Unfortunately, many of those thought leaders have proposed tax hikes on big tech companies as a way of reaching this goal. The idea centers around a proposal outlined by Federal Communications Commission (FCC) Commissioner Brendan Carr in a May 2021 op-ed piece. Carr called for major tech companies to be forced to pay fees to fund the Universal Service Fund (USF) to fund internet infrastructure projects and to promote affordable access across the country. The proposal received some traction then and is still circulating, especially as opinions surrounding tech companies have become more polarized.

The argument goes that since a select few tech companies account for a disproportionately large amount of web traffic, they should have to “pay their fair share” to keep the internet up and running. Presently, traditional telephone services pay for that through fees that are imposed on consumers’ monthly telephone bills.

As with most arguments that rely on the “fair share” fallacy, that doesn’t tell the whole story. First, big tech companies are already investing in building out more internet to unserved parts of the country – and the world – precisely because of how much they rely on it. That sort of investment cannot just be hand-waved away because it’s not part of USF.

There is also no hard-and-fast way to ensure the tax on big tech companies will not get similarly passed on to consumers. Any time a tax is increased on a business, the company will have to compensate somewhere. That would likely involve price hikes in some, way, shape, or form. Not only would such a “big tech tax” damage existing investment and innovation from these companies, but companies would also undoubtedly respond by raising ad prices as well as the price of their various devices and services. All those costs inevitably reach the average consumer, contributing to the inflationary pain everyday Americans are already experiencing.

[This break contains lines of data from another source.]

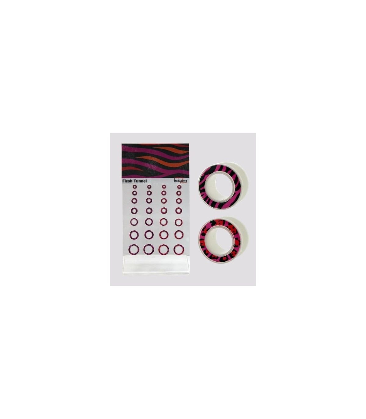 Expositor de dilataciones con motivos rasta. Con diferentes tamaños: 6,8,10,12 mm. Diferentes dibujos.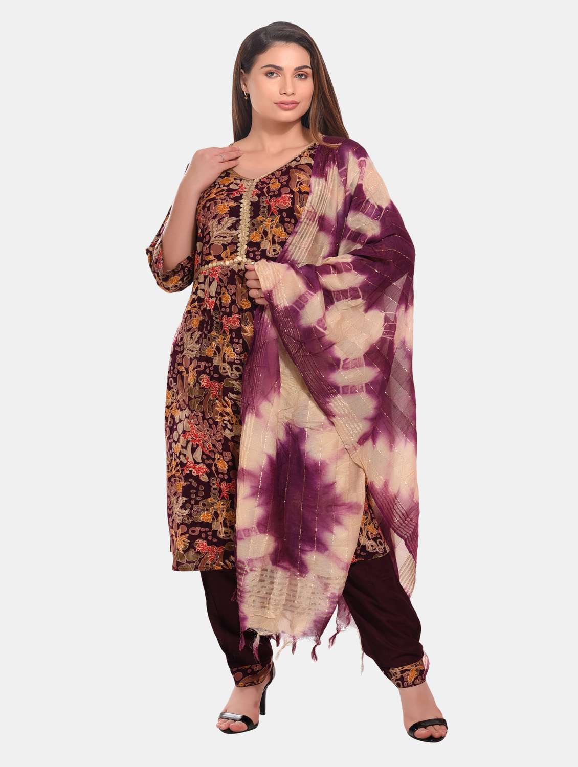 women purple kurta salwar set with dupatta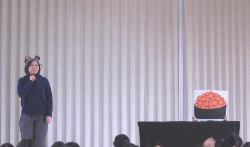 年中組は、絵本のお話を劇にして、それぞれの台詞をマイクで伝えながら

It is also important to note that funneling money into the USF may be for naught. The USF is on the verge of collapse. Contribution rates are falling and there is a reason policymakers in Congress and the administration are grasping for solutions. The USF – like other government programs – is in dire need of reform and simply throwing more money at will not immediately solve. Taking money away from innovators in the space is one of the more counter-productive solutions available.

Considering the volatility of the tech space, making the USF reliant on skimming big tech revenue could make the program even more unstable. For example, Meta’s market cap has taken a severe hit over recent months, losing billions in value in such a short period as the company’s revenue continues to take major financial hits. It would make very little sense to tie a vehicle like the USF to companies whose prospects can shift so drastically so quickly. It is a recipe for even more uncertainty in an already unstable program. Imagine tying the fate of the USF to companies like MySpace and Yahoo just a few years ago. The consequences would have been disastrous.

To make the plan viable, the government would have to actively prop up tech companies, creating another new “too big to fail” dynamic. Given the push to fund USF through big tech taxes likely stems out of a desire to rein in these tech companies, the proposal becomes even more counterintuitive. And, given how typical government bailouts work, the American taxpayer would be on the hook for even more cost because of government carelessness.

While delivering high-speed internet across the nation is an admirable goal, reactionary politics going after convenient political targets will never achieve that result. Policymakers need to take a sober-minded look at the USF and come up with reasonable ways to move forward, bearing in mind the interests of taxpayers as well, and potentially working with the companies who also have a clear stake in ensuring the longevity and proliferation of the internet to every corner of America.